Cela faisait un bout de temps qu’on n’avait pas vu le vieil homme ; d’accord il ne vient jamais quand on l’attend. Mais comment peut-il savoir qu’on l’attend ? Mêmes considérations en ce qui concerne le Messie (encore que lui on l’attend depuis un certain temps et qu’on ne l’a jamais vu au bar de la plage ni nulle part ailleurs).

Et voilà un mystère de plus ; décidemment on ne sera jamais tranquille.

C’était marée montante avec l’agitation qui va avec. Des tas de gens, même des enfants en bas âge, se précipitent dans les vagues sans autre raison que de se faire malmener ou prendre un galet sur la tête. Comme d’habitude, les plus costauds s’en sortent et font les malins devant les filles.

Un chien d’une race peu aquatique s’ébroue en bordure de l’eau ; il écoute l’ami Pierrot-le fou d’amour jouer Dorothy’s Studio à la manière de Charles Llyod.

La bande au complet (on fera l’inventaire un autre jour) fait le siège du bar ; Georges se débrouille ; quelques potins de passage en vadrouille :

Louise de V serait sur le point de trouver un candidat au poste de troisième mari. Il s’agirait d’un jeune garçon fraîchement diplômé de l’ENA et plutôt ambitieux. La différence d’âge ne le générerait pas. Louise non plus.

Patti Smith aurait récemment rencontré Rimbaud dans un café de Greenwich Village ; renseignement pris auprès de Sofia Coppola qui était aussi présente, il s’agissait simplement du barman qu’elle aurait légèrement confondu (effet post-traumatique d’une fréquentation prolongée des poètes de la Beat Generation et des champignons associés).
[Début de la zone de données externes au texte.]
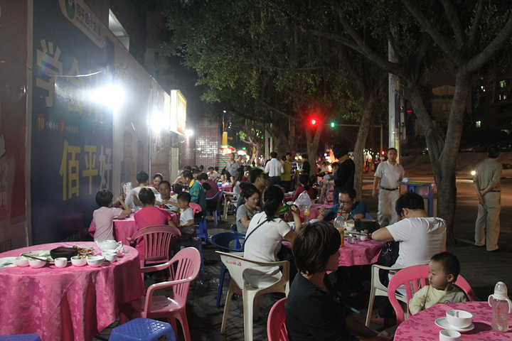 走了几百米,过了步行街,过了黄氏书室,过了丽日购物广场,来到塘尾街。果然,食肆林立。腿走酸了,老婆更喊累,不愿挑三拣四,见街口的晓斌大排档生意火爆,十多桌都坐满了人,便在唯一的一张空桌前落座。

Le DJ du Phare se serait procuré un album de Léonard Cohen , ce soir on va encore être triste…

Tiens, voilà le vieil homme… est-ce que quelqu’un l’attendait….

Episode 159

Courrier international

J’écris…eh oui, j’écris… malgré la multiplications de moyens perfectionnés à base de signaux électroniques censés faciliter la conversation entre voisins ou cousins éloignés… Avec un stylo, du papier et la collaboration de quelques facteurs, j’écris à ma tante comme vous le savez cartomancienne en Cornouailles, donc pas à côté du bar de Georges.

Ci-après la transcription dactylographiée.

Chère tante

Ma bien chère tante

(c’est quand même plus tendre qu’un Bonjour ou un Hello qui inaugure la correspondance électronique ordinaire.)

As-tu fini par pronostiquer dans l’ordre le tiercé du dimanche à l’hippodrome près de chez toi ? Pas encore… courage, je ne doute pas que tu y parviendras un jour ; on a vu plus étonnant dans le domaine.

On m’a rapporté que ta clientèle de femmes en espérance d’amour et de mâles inquiets de voir leurs ambitions (je ne détaille pas) couronnées de succès ne faiblissait pas, bien au contraire. Tant mieux. L’avenir est toujours aussi incertain et il paraît que tu te débrouilles assez bien pour y ajouter un pincée de bonheur, quoique aussi incertain. Je fais confiance à ton imagination pour leur en mettre plein la vue. Je m’en réjouis.

Question honoraire, ne sois pas timorée. Rappelle-toi, que chez nous, un fameux psy-quelque chose du nom de Lacan, prenait tellement cher que ses clients étaient obligés de travailler davantage pour le payer, il paraît qu’ils allaient mieux.

Ici, la bande ne s’en sort pas trop mal. L’oisiveté pratiquée avec application et l’absence de morale classique donnent, semble-t-il, d’assez bons résultats.